The Origins of Root Cause Analysis
Speaking in the broadest possible terms, the history of root cause analysis could be said to date back to the dawn of our ancient ancestors’ first problem-solving challenges, such as their first successful attempts to prevent themselves from constantly freezing in South African caves during wintertime by taming fire. Once the problem was identified (“winter cold”), the solution (“fire hot”) came within the grasp of their clever hominid brains and led to the undesirable effect (freezing) being intelligently mitigated at its root cause (winter), year after year.
But as a specific, consciously implemented, and systematic approach to problem-solving, root cause analysis was only recently developed in the modern era, spurred on by industrial and engineering accident investigations—such as the Tay Bridge collapse of 1879, the New London school explosion of 1937, or the Challenger space shuttle disaster of 1986—that demanded more rigorous analytical methodologies be invented to pinpoint the precise cause of problems that absolutely could not be permitted to happen again.
One important approach to root cause analysis, known as root-cause failure analysis (RCFA), emphasizes that most problems in complex systems can rarely be attributed to a single specific cause. Rather, they are often the result of a series of interlinked “causal factors.” From poorly educated personnel to design issues to flawed engineering methods, the causal factors behind any problematic event can be ranked in terms of causal culpability while still acknowledging that all of the factors were at play as conditions that, together, spiraled out into an accident. For our purposes here, RCFA will just be treated as an aspect of root cause analysis itself, acknowledging—as the Buddhist philosophers do—that all of reality is a vast interlinked Web of causes and effects, with any given factor impossible to completely separate and isolate from another, but that some causes do bear more responsibility for certain effects than others.
In the case of the infamous Tay Bridge collapse, which occurred in Dundee, Scotland, on December 28, 1879 and resulted in 75 deaths, the chief investigator declared the cause of the accident to be the negligence of the engineer who designed it, Sir Thomas Bouch, insisting that his bridge was “badly designed, badly constructed, and badly maintained.” But as Failure magazine reports, “Bouch alleged that the wind blew the train from the track into the bridge, and that the shock caused the lugs on one of the towers to break, leading to the collapse”—a far more useful (if not entirely sufficient) explanation of specific causal factors. (Based on the case argued in Failure magazine, a new root cause analysis of the incident has been performed here.)

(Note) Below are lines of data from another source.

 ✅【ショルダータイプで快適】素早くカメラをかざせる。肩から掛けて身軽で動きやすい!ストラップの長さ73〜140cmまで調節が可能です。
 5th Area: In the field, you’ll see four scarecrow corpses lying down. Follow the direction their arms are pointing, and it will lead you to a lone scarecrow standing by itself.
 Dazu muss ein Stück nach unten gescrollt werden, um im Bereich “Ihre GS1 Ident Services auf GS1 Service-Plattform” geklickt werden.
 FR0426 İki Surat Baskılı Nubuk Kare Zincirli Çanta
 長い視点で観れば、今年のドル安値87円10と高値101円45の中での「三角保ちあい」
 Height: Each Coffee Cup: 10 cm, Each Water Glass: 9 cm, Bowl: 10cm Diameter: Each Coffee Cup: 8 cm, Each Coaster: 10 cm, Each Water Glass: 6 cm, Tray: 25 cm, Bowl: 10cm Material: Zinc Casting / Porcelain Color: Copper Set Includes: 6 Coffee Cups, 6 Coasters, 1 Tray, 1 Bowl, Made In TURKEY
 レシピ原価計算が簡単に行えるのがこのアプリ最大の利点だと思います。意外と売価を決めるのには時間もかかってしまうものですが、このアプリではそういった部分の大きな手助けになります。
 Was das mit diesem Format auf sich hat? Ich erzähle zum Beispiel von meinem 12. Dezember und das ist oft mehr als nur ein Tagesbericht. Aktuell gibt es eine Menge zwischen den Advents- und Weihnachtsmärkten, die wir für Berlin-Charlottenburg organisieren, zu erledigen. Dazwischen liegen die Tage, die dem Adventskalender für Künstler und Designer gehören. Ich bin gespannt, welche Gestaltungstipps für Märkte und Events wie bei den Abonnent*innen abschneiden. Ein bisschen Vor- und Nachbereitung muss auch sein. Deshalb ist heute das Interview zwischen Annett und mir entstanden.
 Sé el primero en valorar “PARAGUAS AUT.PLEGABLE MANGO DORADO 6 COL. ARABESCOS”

And it is in this example that one finds one of the most important distinctions between root cause analysis and other forms of problem-solving: the crucial distinction between blaming your process rather than your people. In workflows such as Six Sigma, Lean, or Agile, it’s understood that blaming individual employees for inattention or negligence rarely accomplishes anything productive (as every software engineer or IT professional knows all too well from personal experience), whereas using instances of human negligence to develop more robust processes and systems that prevent such personal errors from happening in the first place can accomplish quite a lot.
Your company’s processes tend to be the root causal factors or conditions, and the ways that employees behave within those processes are the effects or symptoms. Merely calling your engineer and his methods “bad” is not particularly helpful, but maybe putting a system in place to routinely review the stress tolerances he’s using in his calculations would be. Root cause analysis, as an organizational strategy, helps to identify flawed processes and to thereby prevent negative symptoms before they strike again.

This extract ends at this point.